+++ GIVEN DATA

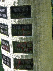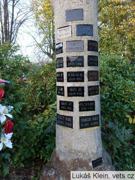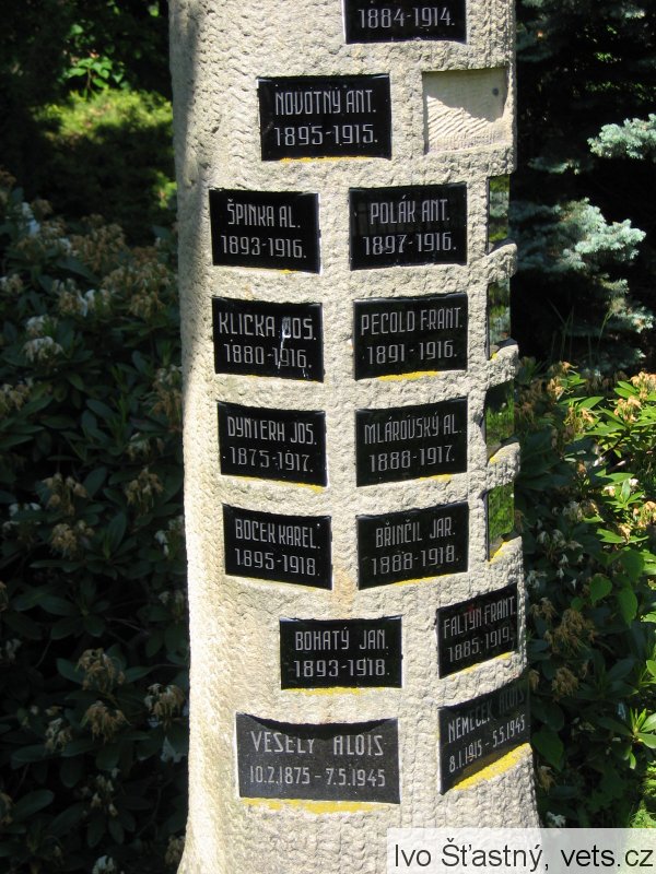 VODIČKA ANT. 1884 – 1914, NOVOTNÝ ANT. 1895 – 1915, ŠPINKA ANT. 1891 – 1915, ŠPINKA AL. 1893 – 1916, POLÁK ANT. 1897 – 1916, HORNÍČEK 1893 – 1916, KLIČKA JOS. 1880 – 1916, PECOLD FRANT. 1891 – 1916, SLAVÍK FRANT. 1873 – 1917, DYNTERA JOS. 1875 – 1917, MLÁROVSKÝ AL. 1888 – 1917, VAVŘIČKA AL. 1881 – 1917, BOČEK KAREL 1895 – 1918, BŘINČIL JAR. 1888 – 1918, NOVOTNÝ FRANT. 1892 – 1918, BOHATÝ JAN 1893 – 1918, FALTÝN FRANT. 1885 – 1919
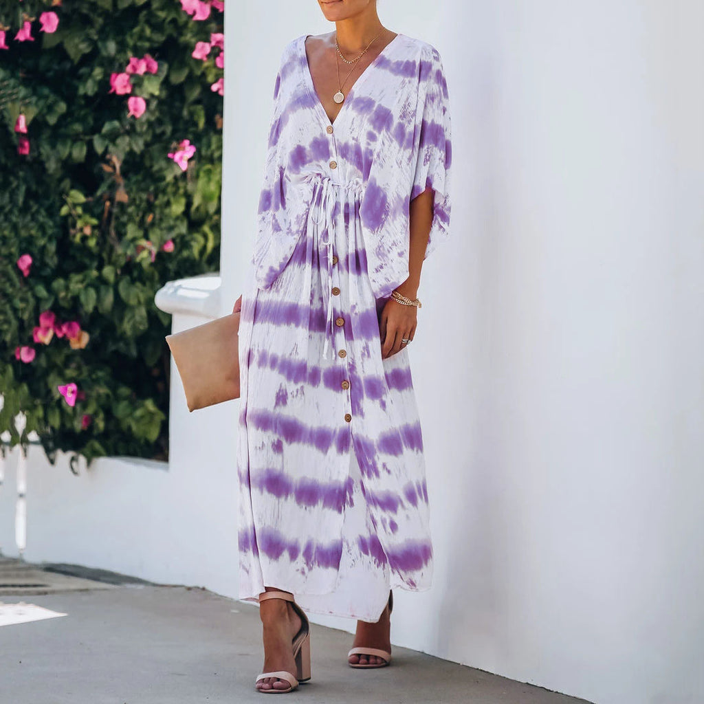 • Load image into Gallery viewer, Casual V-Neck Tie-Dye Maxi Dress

++++++
+++ GIVEN DATA

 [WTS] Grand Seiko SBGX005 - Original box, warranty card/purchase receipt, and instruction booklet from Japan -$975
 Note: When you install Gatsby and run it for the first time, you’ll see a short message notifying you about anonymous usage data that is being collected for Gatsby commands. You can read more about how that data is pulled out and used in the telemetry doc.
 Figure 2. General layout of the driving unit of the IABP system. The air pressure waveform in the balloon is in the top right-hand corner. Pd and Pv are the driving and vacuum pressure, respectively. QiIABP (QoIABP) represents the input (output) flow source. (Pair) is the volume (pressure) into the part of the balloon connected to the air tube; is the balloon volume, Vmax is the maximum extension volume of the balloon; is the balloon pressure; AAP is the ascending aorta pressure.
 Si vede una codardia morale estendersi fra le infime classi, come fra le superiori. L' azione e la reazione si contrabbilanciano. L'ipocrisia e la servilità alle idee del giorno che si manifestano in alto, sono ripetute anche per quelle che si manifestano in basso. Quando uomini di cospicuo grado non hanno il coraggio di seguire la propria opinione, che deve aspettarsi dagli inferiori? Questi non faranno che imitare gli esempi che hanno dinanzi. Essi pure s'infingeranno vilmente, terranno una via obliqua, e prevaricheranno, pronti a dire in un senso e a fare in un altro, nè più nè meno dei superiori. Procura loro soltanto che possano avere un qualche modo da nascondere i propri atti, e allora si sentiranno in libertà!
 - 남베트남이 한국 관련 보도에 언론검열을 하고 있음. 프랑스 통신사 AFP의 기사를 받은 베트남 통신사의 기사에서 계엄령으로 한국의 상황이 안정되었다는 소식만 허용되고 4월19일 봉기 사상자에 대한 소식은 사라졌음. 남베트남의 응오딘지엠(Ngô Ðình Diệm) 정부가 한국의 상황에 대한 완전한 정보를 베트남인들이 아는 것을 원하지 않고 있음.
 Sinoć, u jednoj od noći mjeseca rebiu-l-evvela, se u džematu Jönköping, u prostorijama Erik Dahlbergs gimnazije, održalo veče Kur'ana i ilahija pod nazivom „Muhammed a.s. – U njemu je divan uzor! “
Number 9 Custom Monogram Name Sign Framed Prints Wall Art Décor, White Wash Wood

++++++

YOUR OBJECTIVE: Reproduce, exactly and only, the lines of the records above starting at the line with "VODIČKA ANT. 1884" and ending at the line with "Tie-Dye Maxi Dress", both included. Leave every picture out.

RESULT:
 VODIČKA ANT. 1884 – 1914, NOVOTNÝ ANT. 1895 – 1915, ŠPINKA ANT. 1891 – 1915, ŠPINKA AL. 1893 – 1916, POLÁK ANT. 1897 – 1916, HORNÍČEK 1893 – 1916, KLIČKA JOS. 1880 – 1916, PECOLD FRANT. 1891 – 1916, SLAVÍK FRANT. 1873 – 1917, DYNTERA JOS. 1875 – 1917, MLÁROVSKÝ AL. 1888 – 1917, VAVŘIČKA AL. 1881 – 1917, BOČEK KAREL 1895 – 1918, BŘINČIL JAR. 1888 – 1918, NOVOTNÝ FRANT. 1892 – 1918, BOHATÝ JAN 1893 – 1918, FALTÝN FRANT. 1885 – 1919
 • Load image into Gallery viewer, Casual V-Neck Tie-Dye Maxi Dress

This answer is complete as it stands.